65429369-5a787000-de16-11e9-8ace-b9b25bfb1f61

The library should be able to connect to any Span source - jaeger query, json file, storage.

DSL in Canopy https://research.fb.com/publications/canopy-end-to-end-performance-tracing-at-scale/

cc @jaegertracing/data-analytics

jpkrohling commented 4 years ago

Would it make sense to start by implementing GraphQL (#169)?

pavolloffay commented 4 years ago

@yurishkuro I am wondering do we want to make the library to work in a distributed way (like spark RDD)?

In the previous discussions, we have also mentioned that we could reuse existing graph traversal frameworks e.g. Gremlin. I am not sure if GraphQL #169 provides the same capabilities or it is used only for UI integrations.
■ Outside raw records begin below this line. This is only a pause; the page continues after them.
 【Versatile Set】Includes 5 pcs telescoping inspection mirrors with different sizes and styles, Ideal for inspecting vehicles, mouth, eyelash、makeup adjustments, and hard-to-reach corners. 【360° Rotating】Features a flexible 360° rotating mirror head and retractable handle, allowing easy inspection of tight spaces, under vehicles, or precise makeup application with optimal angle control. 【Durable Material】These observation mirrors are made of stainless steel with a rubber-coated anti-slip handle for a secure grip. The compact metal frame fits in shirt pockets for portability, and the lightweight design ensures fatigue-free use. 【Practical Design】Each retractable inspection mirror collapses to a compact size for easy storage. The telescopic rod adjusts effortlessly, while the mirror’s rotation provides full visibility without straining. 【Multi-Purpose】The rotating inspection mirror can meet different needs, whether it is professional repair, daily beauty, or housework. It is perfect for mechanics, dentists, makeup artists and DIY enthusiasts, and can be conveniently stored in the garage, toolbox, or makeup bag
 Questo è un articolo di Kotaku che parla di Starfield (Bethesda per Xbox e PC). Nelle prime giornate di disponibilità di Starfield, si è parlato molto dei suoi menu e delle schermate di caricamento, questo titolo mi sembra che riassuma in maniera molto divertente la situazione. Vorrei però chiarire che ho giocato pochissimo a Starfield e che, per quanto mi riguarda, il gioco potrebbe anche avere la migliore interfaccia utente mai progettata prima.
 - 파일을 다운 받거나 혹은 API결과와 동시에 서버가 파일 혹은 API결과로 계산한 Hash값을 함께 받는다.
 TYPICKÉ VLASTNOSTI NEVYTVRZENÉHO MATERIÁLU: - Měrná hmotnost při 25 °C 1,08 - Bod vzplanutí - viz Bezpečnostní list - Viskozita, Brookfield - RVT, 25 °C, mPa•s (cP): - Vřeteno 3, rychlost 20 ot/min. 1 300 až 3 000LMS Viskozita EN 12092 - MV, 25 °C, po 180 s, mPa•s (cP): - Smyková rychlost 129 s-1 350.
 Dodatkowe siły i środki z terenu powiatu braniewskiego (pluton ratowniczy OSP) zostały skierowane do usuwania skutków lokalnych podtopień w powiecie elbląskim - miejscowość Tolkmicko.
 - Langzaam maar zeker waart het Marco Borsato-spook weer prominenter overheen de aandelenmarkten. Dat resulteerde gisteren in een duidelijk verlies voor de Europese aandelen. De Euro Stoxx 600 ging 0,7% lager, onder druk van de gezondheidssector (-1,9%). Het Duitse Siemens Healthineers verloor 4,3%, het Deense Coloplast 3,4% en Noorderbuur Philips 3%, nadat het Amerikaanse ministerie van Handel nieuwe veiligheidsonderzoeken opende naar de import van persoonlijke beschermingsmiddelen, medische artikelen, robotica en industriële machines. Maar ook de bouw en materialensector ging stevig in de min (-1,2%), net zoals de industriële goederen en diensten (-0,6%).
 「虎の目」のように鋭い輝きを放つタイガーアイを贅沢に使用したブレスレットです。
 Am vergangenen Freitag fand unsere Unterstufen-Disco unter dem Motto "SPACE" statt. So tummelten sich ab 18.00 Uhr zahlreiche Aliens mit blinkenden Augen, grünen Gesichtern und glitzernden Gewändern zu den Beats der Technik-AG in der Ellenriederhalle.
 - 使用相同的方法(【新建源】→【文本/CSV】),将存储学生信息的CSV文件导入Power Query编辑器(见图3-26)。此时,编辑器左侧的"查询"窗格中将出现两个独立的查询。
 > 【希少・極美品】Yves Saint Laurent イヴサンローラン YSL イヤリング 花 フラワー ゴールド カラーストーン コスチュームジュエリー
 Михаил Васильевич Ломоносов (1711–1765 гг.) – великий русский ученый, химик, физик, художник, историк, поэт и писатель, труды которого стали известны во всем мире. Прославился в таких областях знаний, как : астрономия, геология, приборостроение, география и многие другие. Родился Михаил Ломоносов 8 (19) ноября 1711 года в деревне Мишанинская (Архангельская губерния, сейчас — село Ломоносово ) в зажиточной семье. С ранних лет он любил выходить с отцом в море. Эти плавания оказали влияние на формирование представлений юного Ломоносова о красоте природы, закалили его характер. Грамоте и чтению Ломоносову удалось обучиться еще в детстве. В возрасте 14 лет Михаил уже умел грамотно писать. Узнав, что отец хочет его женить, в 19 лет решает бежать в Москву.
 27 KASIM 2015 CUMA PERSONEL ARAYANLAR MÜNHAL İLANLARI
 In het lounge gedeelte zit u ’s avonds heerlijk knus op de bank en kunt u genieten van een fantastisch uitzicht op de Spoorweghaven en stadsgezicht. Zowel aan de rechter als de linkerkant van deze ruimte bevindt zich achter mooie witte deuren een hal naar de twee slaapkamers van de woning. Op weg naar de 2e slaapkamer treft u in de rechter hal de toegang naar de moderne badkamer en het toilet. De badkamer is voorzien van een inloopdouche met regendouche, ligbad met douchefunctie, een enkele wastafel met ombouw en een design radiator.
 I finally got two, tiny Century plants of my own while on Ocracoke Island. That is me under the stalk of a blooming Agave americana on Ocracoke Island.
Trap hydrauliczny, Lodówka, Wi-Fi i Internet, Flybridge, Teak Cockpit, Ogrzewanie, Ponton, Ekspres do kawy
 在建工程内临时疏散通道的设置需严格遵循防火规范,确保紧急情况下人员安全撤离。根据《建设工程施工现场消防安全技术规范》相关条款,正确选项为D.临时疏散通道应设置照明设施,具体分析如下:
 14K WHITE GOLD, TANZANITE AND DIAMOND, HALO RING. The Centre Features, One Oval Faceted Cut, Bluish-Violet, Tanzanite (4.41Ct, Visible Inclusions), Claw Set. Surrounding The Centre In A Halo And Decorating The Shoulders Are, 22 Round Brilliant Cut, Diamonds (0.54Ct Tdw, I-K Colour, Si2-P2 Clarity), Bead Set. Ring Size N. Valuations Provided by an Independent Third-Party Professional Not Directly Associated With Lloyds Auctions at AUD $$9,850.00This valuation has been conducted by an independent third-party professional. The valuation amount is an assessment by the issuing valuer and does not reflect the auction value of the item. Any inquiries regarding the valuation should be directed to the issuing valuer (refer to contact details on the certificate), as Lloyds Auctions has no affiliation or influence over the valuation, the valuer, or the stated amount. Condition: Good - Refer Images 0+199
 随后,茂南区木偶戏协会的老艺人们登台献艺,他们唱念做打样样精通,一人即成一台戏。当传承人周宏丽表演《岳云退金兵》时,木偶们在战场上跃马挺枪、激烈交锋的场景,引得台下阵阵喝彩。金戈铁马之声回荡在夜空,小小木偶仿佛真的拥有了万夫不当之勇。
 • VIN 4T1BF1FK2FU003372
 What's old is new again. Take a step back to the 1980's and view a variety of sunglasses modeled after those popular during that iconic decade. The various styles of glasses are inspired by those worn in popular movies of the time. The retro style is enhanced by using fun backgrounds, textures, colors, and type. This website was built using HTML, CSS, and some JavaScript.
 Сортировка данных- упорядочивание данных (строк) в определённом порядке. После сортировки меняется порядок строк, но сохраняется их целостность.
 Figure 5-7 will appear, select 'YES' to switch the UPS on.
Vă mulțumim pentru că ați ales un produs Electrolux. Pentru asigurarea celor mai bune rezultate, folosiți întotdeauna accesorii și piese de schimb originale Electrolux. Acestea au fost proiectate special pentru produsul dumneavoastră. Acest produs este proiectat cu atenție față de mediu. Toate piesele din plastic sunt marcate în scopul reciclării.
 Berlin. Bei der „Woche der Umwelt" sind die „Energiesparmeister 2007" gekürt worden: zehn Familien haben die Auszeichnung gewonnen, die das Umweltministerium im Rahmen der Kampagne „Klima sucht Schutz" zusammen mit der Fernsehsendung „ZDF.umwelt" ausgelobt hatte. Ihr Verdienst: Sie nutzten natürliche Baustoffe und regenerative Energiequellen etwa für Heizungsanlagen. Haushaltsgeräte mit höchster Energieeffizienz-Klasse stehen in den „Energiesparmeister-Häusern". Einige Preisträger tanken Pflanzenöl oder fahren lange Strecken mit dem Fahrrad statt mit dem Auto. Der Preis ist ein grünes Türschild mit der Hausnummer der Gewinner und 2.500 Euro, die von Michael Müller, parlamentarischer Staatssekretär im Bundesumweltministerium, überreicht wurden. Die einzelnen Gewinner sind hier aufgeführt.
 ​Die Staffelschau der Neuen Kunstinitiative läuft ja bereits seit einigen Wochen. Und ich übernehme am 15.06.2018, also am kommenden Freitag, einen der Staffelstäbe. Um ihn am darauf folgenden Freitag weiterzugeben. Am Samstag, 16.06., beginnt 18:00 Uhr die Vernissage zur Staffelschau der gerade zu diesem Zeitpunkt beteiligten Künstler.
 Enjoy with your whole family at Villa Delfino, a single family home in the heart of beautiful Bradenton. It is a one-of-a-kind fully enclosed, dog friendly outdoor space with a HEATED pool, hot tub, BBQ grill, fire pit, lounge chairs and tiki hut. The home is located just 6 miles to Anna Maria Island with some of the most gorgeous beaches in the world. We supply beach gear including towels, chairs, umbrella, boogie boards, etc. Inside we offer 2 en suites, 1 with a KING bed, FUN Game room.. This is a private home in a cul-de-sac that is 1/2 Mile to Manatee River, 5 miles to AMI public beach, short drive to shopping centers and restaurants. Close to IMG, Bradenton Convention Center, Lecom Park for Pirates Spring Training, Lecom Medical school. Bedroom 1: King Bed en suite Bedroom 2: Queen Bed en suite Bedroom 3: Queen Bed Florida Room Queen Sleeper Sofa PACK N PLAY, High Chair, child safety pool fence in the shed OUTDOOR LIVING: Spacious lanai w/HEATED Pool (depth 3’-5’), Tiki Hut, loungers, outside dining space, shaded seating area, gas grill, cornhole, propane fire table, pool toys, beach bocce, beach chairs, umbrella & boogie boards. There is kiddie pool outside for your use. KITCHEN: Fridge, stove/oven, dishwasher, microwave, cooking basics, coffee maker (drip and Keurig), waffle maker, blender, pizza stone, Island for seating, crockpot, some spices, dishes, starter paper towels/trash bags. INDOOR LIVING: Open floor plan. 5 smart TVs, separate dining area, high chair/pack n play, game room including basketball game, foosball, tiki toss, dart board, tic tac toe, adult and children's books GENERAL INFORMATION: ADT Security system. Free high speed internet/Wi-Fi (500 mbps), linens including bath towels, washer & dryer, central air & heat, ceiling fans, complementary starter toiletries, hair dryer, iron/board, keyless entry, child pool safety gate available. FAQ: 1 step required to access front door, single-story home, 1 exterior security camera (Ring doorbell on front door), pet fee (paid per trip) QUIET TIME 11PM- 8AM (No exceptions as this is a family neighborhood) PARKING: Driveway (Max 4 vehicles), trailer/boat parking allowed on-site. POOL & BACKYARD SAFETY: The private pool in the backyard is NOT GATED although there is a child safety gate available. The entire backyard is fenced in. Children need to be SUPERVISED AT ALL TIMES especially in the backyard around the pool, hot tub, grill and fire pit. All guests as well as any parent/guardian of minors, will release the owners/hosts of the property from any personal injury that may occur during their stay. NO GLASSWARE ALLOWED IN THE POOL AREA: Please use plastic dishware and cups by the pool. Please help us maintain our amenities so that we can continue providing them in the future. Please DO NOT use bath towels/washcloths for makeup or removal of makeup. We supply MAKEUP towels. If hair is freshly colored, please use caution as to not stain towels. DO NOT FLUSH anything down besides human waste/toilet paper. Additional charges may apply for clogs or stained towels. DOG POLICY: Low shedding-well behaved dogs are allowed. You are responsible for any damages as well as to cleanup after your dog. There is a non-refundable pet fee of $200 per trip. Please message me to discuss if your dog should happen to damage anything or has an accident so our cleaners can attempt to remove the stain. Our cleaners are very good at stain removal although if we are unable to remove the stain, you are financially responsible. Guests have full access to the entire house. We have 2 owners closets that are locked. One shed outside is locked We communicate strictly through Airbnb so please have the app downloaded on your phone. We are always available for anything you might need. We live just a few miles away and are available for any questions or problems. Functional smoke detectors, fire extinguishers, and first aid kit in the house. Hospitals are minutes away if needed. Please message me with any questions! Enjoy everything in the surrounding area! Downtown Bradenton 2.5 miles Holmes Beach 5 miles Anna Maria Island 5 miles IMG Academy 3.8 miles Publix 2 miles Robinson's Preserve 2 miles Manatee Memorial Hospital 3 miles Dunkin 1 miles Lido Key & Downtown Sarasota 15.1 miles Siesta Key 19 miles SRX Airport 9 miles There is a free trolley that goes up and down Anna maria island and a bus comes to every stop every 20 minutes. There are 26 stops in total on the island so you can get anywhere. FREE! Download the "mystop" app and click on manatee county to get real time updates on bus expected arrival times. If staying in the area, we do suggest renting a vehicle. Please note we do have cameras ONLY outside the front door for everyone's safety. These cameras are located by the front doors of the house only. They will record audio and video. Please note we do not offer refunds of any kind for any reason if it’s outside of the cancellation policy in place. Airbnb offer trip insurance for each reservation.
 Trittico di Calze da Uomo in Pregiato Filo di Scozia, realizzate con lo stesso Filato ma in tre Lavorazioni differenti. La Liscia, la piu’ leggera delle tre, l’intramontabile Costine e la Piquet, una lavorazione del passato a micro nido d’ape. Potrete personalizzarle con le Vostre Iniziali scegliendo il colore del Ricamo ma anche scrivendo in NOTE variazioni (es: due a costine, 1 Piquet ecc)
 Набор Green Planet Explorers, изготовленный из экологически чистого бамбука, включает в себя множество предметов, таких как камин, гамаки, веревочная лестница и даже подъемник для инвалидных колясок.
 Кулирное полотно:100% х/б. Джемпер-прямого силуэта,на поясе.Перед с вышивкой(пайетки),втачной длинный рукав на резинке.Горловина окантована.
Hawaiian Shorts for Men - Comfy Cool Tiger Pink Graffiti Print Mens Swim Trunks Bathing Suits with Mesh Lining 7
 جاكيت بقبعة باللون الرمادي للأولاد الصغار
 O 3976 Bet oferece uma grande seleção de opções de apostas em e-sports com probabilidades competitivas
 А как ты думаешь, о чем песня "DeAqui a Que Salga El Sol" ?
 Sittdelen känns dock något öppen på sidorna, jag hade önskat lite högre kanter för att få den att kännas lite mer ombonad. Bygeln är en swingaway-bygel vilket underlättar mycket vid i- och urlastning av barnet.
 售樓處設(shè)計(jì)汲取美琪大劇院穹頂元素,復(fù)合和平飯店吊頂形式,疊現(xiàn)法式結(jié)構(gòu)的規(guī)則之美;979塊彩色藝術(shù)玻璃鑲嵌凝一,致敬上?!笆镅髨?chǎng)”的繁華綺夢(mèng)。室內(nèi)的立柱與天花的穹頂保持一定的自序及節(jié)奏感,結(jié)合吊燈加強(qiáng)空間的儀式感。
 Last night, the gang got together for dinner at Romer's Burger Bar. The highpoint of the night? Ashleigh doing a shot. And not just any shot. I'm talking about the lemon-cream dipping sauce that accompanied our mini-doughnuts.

pavolloffay commented 4 years ago

We should also think about use cases this feature would solve:

users could ask the system more complicated questions e.g. - test a hypothesis
the query could be periodically run and invoke an action (alert) if conditions are met

pavolloffay commented 4 years ago

There are two popular graph query languages - Gremlin (https://tinkerpop.apache.org/gremlin.html) and Cypher (https://neo4j.com/developer/cypher-basics-i/)

Gremlin

supports multiple languages: groovy, java, python
integrated with Apache Spark - http://tinkerpop.apache.org/docs/current/reference/#spark-plugin (java), python?
Apache Flink integration with Gelly https://flink.apache.org/news/2015/08/24/introducing-flink-gelly.html, https://medium.com/@matgug/part-2-twitter-graph-analysis-with-gremlin-31550f9d134, I could not find more resources

Cypher

supports multiple languages: java, python (pypher https://neo4j.com/blog/express-cypher-queries-pure-python-pypher/), https://github.com/Wolfgang-Schuetzelhofer/jcypher/wiki/Domain%20Mapping
integrated with Apache Spark https://github.com/opencypher/morpheus (scala). It will be included in Spark 3.0 https://neo4j.com/blog/spark-developers-include-cypher-spark-3-0/
Apache Flink integration https://community.neo4j.com/t/about-the-stream-processing-category/33

pavolloffay commented 4 years ago

I am not sure how we could use this query language without backed supporting it. To use gremlin we would have provide a gremlin compatible layer to allow query execution. @jaegertracing/data-analytics @yurishkuro any ideas?

Maybe running the query on the subset of data directly in-memory would work.

annanay25 commented 4 years ago

Would it be easier if we could curate traces from a (relatively) complex system that someone in the community is running in production and would volunteer to publish? It would move focus from data collection to actual analysis and it would also help different teams collate and confirm results while working on the same data-set.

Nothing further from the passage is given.